Adam Levy, Esq. is the managing member of Levy & Levy, LLC. He founded this insurance defense firm in 2005. Today, Levy & Levy, LLC, has a presence throughout Florida, Georgia, Illinois, and Pennsylvania and handles workers’ compensation, employment law, subrogation, and general liability on behalf of a number of Fortune 500 companies. In 1988, Adam graduated from the University of Virginia where he was a member of the Jefferson Literary and Debating Society. He earned his J.D. degree in 1993 at the Dickinson School of Law, where he was a member of the Trial Moot Court.

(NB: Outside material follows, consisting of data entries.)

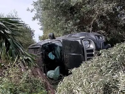 Incidente sull'Appia Antica, auto esce fuori strada e si ribalta nel terreno
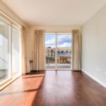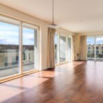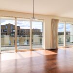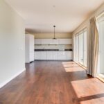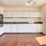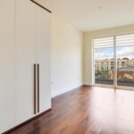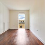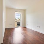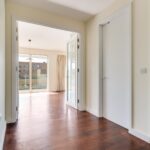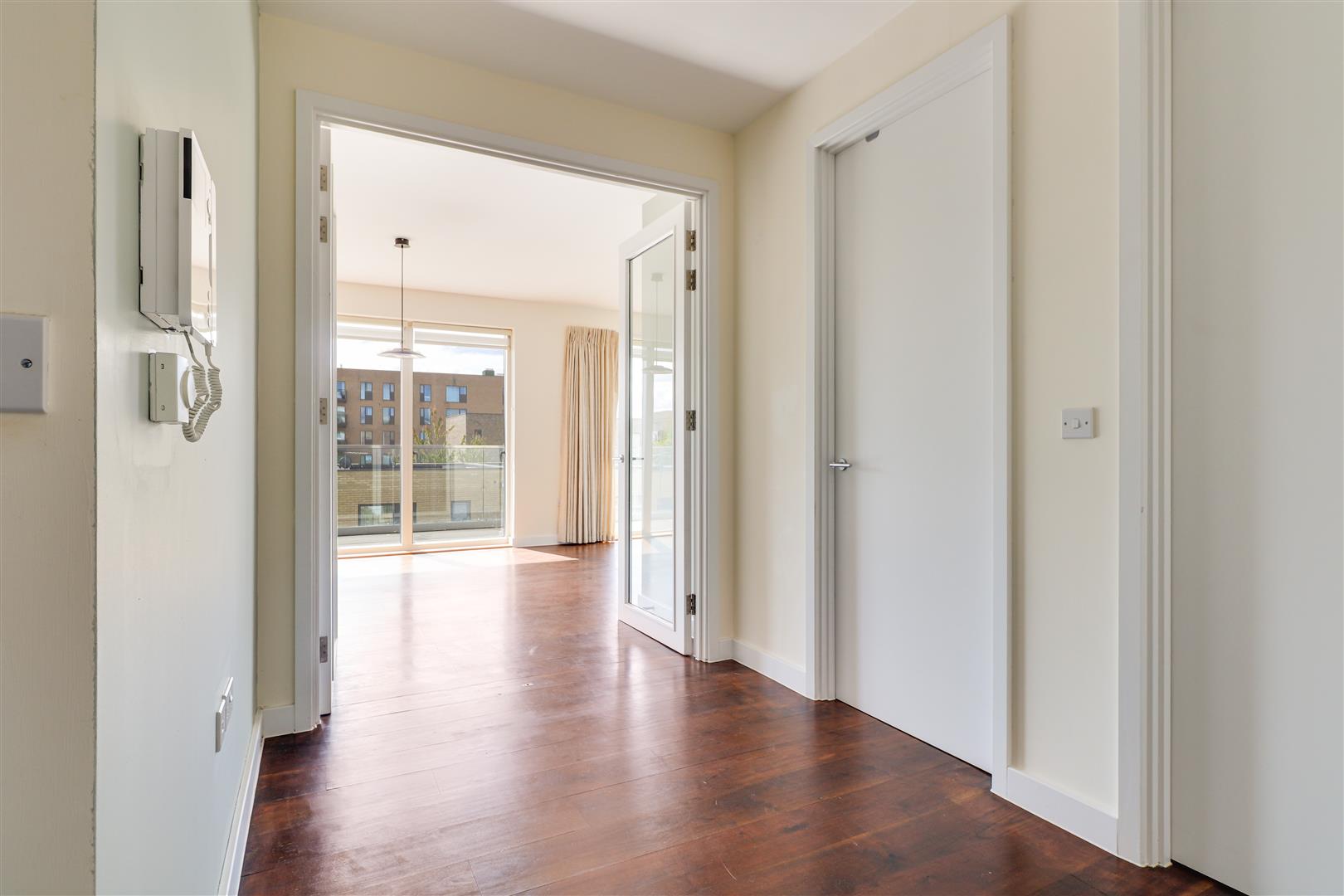 Spacious hallway with dark wood flooring, which continues throughout the apartment. The central hallway, with video intercom entry phone provides access to all rooms and contains a large built in cupboard
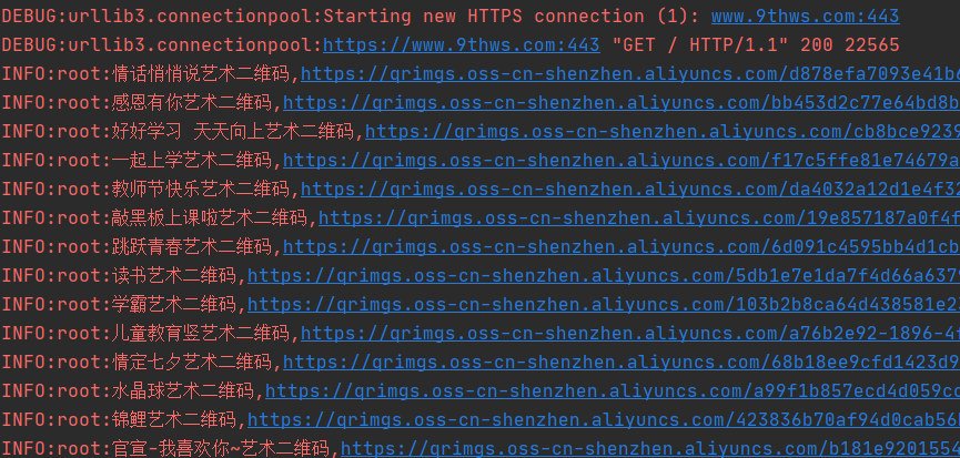 本次代码测试输出采用的 logging 模块实现,效果如下图所示。
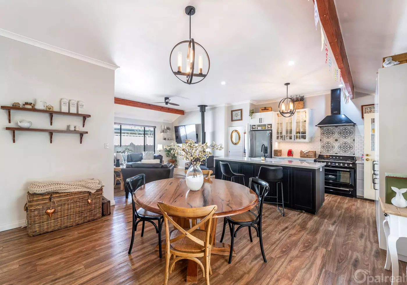 The heart of the home is the expansive open-plan kitchen, dining and living area. High ceilings, exposed beams and a stunning feature fireplace with travertine detailing give this space its wow factor, while the reverse cycle split system and ceiling fan keep things perfectly comfortable. The chef's kitchen is ready for entertaining with:

Adam is a member of the Florida Bar, Workers’ Compensation Section, as well as the United States District Court for the Northern, Middle and Southern Districts of Florida. Adam is licensed by the Florida Department of Financial Services to provide adjusters with Continuing Education Units (CEUs). He has served as the CEU class presenter for Florida’s major carriers. He was a seminar presenter in July 2017 on “Personal Injury & Wrongful Death ‑ Recent Caselaw” for the Florida Association of Self Insured (FASI). Since 2013, Adam has edited and written a Florida Workers’ Compensation Digest update with a semi‑weekly circulation of over 2,500 claim handlers. He also edits and writes for Levy & Levy’s General Liability Caselaw Digest. In 2021, he authored an article “120-Day Rule – Evidentiary Considerations from a Defense Perspective” for the Workers’ Compensation Section of the FL Bar.

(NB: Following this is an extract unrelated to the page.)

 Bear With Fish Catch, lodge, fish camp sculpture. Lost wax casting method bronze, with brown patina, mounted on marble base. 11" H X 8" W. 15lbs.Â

Adam has brought over 40 cases to adjudication with final orders in workers’ compensation. Trials include the following adjudications: a defense verdict denying knee compensability; a defense verdict based on a fraud defense due to an employee earnings report misrepresentation; a defense verdict based on fraud found relating to two dates of accident, and where there was a pending claim for permanent total disability; a defense verdict finding that further treatment was not related to the work accident following a compensable cervical fusion; a defense verdict where psychiatric and urologic treatment were denied, and apportionment of 25% was awarded; a defense verdict finding the treating physician’s recommended fusion was not work related; a defense verdict awarding an apportionment of 30%. In addition, Adam has prevailed in two Georgia workers’ compensation trials pro hac vice. Adam has tried over 100 cases before juries, including acquittals in three capital trials.